> Provided information
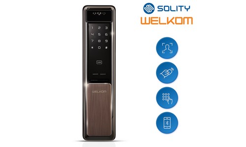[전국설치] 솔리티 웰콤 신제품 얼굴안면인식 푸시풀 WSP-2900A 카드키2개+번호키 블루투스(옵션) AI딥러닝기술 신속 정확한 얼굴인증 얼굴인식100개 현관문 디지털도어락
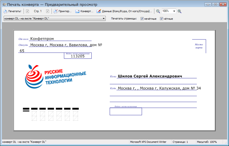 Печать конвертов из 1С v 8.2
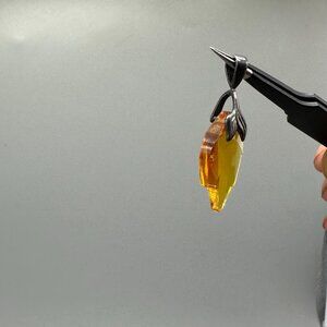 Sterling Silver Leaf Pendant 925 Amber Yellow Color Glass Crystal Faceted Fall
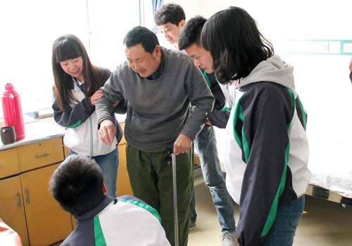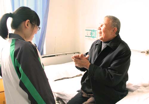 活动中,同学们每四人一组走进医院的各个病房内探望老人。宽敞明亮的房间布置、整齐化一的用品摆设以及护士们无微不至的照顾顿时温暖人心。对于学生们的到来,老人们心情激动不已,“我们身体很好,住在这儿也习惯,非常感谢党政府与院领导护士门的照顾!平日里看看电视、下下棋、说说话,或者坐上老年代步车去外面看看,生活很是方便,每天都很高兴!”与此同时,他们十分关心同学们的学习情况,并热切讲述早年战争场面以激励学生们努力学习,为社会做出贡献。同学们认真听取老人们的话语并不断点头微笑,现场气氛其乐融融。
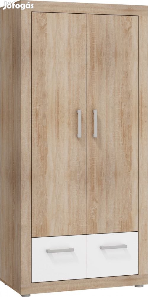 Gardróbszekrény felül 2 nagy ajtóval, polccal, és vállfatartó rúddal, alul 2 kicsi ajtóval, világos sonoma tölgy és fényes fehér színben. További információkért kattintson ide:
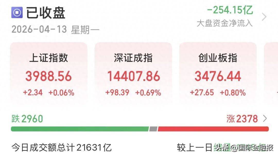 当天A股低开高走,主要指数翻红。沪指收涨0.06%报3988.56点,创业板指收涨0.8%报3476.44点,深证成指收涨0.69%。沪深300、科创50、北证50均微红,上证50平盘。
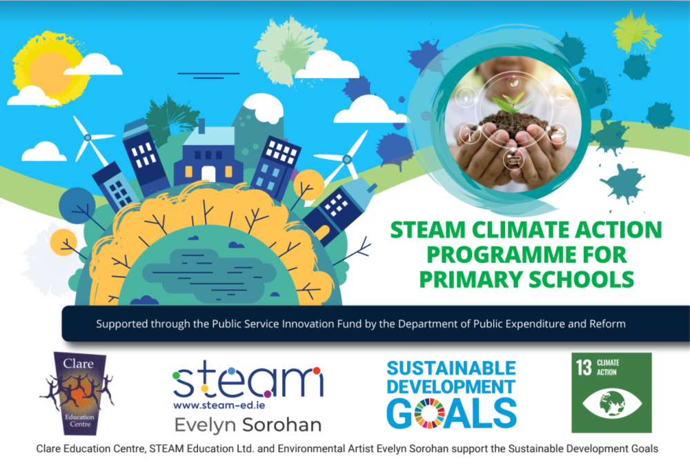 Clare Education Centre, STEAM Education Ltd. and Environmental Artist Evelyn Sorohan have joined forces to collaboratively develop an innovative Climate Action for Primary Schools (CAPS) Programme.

--

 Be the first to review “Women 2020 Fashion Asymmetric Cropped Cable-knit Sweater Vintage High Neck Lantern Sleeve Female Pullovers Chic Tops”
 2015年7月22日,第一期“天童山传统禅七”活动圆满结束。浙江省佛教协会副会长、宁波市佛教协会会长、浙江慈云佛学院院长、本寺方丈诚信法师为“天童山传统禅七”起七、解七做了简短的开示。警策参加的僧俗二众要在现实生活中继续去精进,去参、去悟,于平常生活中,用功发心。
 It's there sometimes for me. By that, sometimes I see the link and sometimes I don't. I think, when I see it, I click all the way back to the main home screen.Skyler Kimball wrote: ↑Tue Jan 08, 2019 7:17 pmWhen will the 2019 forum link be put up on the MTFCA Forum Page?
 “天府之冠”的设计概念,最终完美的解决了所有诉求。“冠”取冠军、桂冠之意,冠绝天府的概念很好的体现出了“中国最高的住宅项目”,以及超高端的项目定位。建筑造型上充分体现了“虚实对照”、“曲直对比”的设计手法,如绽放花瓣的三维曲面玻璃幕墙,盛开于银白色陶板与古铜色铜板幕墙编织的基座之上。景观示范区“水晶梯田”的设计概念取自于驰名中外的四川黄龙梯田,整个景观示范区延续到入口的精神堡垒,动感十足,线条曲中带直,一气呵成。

> About this exercise
Of all the material above, only the lines from the one that has "[전국설치] 솔리티 웰콤" down to the one that has "当天A股低开高走,主要指数翻" are to be written out, exactly and with both ends included. Pictures are skipped.

> Exercise solution
[전국설치] 솔리티 웰콤 신제품 얼굴안면인식 푸시풀 WSP-2900A 카드키2개+번호키 블루투스(옵션) AI딥러닝기술 신속 정확한 얼굴인증 얼굴인식100개 현관문 디지털도어락
 Печать конвертов из 1С v 8.2
 Sterling Silver Leaf Pendant 925 Amber Yellow Color Glass Crystal Faceted Fall
 活动中,同学们每四人一组走进医院的各个病房内探望老人。宽敞明亮的房间布置、整齐化一的用品摆设以及护士们无微不至的照顾顿时温暖人心。对于学生们的到来,老人们心情激动不已,“我们身体很好,住在这儿也习惯,非常感谢党政府与院领导护士门的照顾!平日里看看电视、下下棋、说说话,或者坐上老年代步车去外面看看,生活很是方便,每天都很高兴!”与此同时,他们十分关心同学们的学习情况,并热切讲述早年战争场面以激励学生们努力学习,为社会做出贡献。同学们认真听取老人们的话语并不断点头微笑,现场气氛其乐融融。
 Gardróbszekrény felül 2 nagy ajtóval, polccal, és vállfatartó rúddal, alul 2 kicsi ajtóval, világos sonoma tölgy és fényes fehér színben. További információkért kattintson ide:
 当天A股低开高走,主要指数翻红。沪指收涨0.06%报3988.56点,创业板指收涨0.8%报3476.44点,深证成指收涨0.69%。沪深300、科创50、北证50均微红,上证50平盘。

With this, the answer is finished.